__Input data__

┏━━

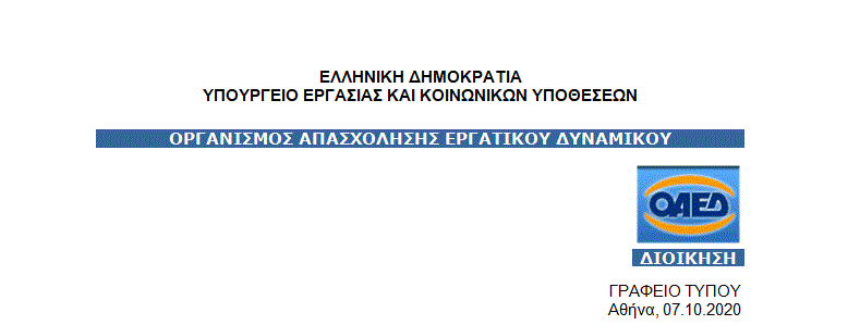 των προγραμμάτων απασχόλησης του ΟΑΕΔ στο 3ο τρίμηνο του 2020
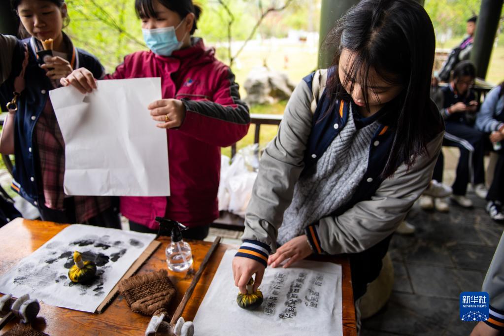 4月8日,游客在常德桃花源風景名勝區體驗拓印。
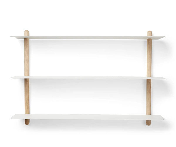 Nivo er en minimalistisk væghylde, der er designet af Böttcher og Kayser for Gejst. Hylden har et rent og fokuseret design uden overflødige elementer, der giver hyldesystemet et svævende og elegant udtryk. Hver lille komponent er gennemtænkt ned til mindste detalje, hvad angår design, form og funktion. Der er ingen synlige skruer, og vangerne er tilført et skråt snit, så hylderne glider lige i, hvilket skaber den flyvende fornemmelse.
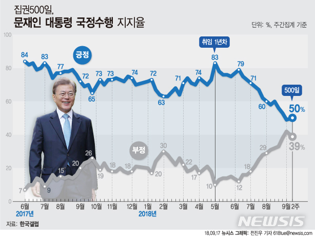 문재인 정부가 고용위기 해법을 놓고 고민하는 사이 끝모를 지지율 추락도 감내해야 했다. 지난 5월까지 80%대의 탄탄대로를 달리던 지지율은 50%선 방어에도 힘에 부친 상황에 놓였다. 급기야 49%까지 떨어졌다(갤럽 9월1주차·신뢰수준 95%·표본오차 ±3.1%p).
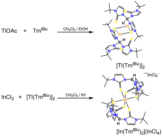 The reactions of the ligand K(TmtBu) [22,23,24,25] with one equivalent of thallium(I) acetate (TlOAc) were carried out at room temperature, and single crystals of the thallium(I) complex, formulated as [Tl(TmtBu)]2∙2H2O, were obtained by slow evaporation of a dichloromethane/ethanol solution at room temperature (Figure 2). The indium(III) complex, [In(TmtBu)2](InCl4), was obtained by the reaction of [Tl(TmtBu)2] with indium(III) chloride InCl3∙4H2O. The colorless crystals were obtained from the mixed solution of the saturated dichloromethane/toluene solution (Figure 2).

┗━━

__Work to complete__
At the line containing "4月8日,游客在常德桃花源風景名勝區體驗拓印。", start reproducing exactly, and stop after the last line of the listing; include both ends, and leave the pictures out.

__Task response__
 4月8日,游客在常德桃花源風景名勝區體驗拓印。
 Nivo er en minimalistisk væghylde, der er designet af Böttcher og Kayser for Gejst. Hylden har et rent og fokuseret design uden overflødige elementer, der giver hyldesystemet et svævende og elegant udtryk. Hver lille komponent er gennemtænkt ned til mindste detalje, hvad angår design, form og funktion. Der er ingen synlige skruer, og vangerne er tilført et skråt snit, så hylderne glider lige i, hvilket skaber den flyvende fornemmelse.
 문재인 정부가 고용위기 해법을 놓고 고민하는 사이 끝모를 지지율 추락도 감내해야 했다. 지난 5월까지 80%대의 탄탄대로를 달리던 지지율은 50%선 방어에도 힘에 부친 상황에 놓였다. 급기야 49%까지 떨어졌다(갤럽 9월1주차·신뢰수준 95%·표본오차 ±3.1%p).
 The reactions of the ligand K(TmtBu) [22,23,24,25] with one equivalent of thallium(I) acetate (TlOAc) were carried out at room temperature, and single crystals of the thallium(I) complex, formulated as [Tl(TmtBu)]2∙2H2O, were obtained by slow evaporation of a dichloromethane/ethanol solution at room temperature (Figure 2). The indium(III) complex, [In(TmtBu)2](InCl4), was obtained by the reaction of [Tl(TmtBu)2] with indium(III) chloride InCl3∙4H2O. The colorless crystals were obtained from the mixed solution of the saturated dichloromethane/toluene solution (Figure 2).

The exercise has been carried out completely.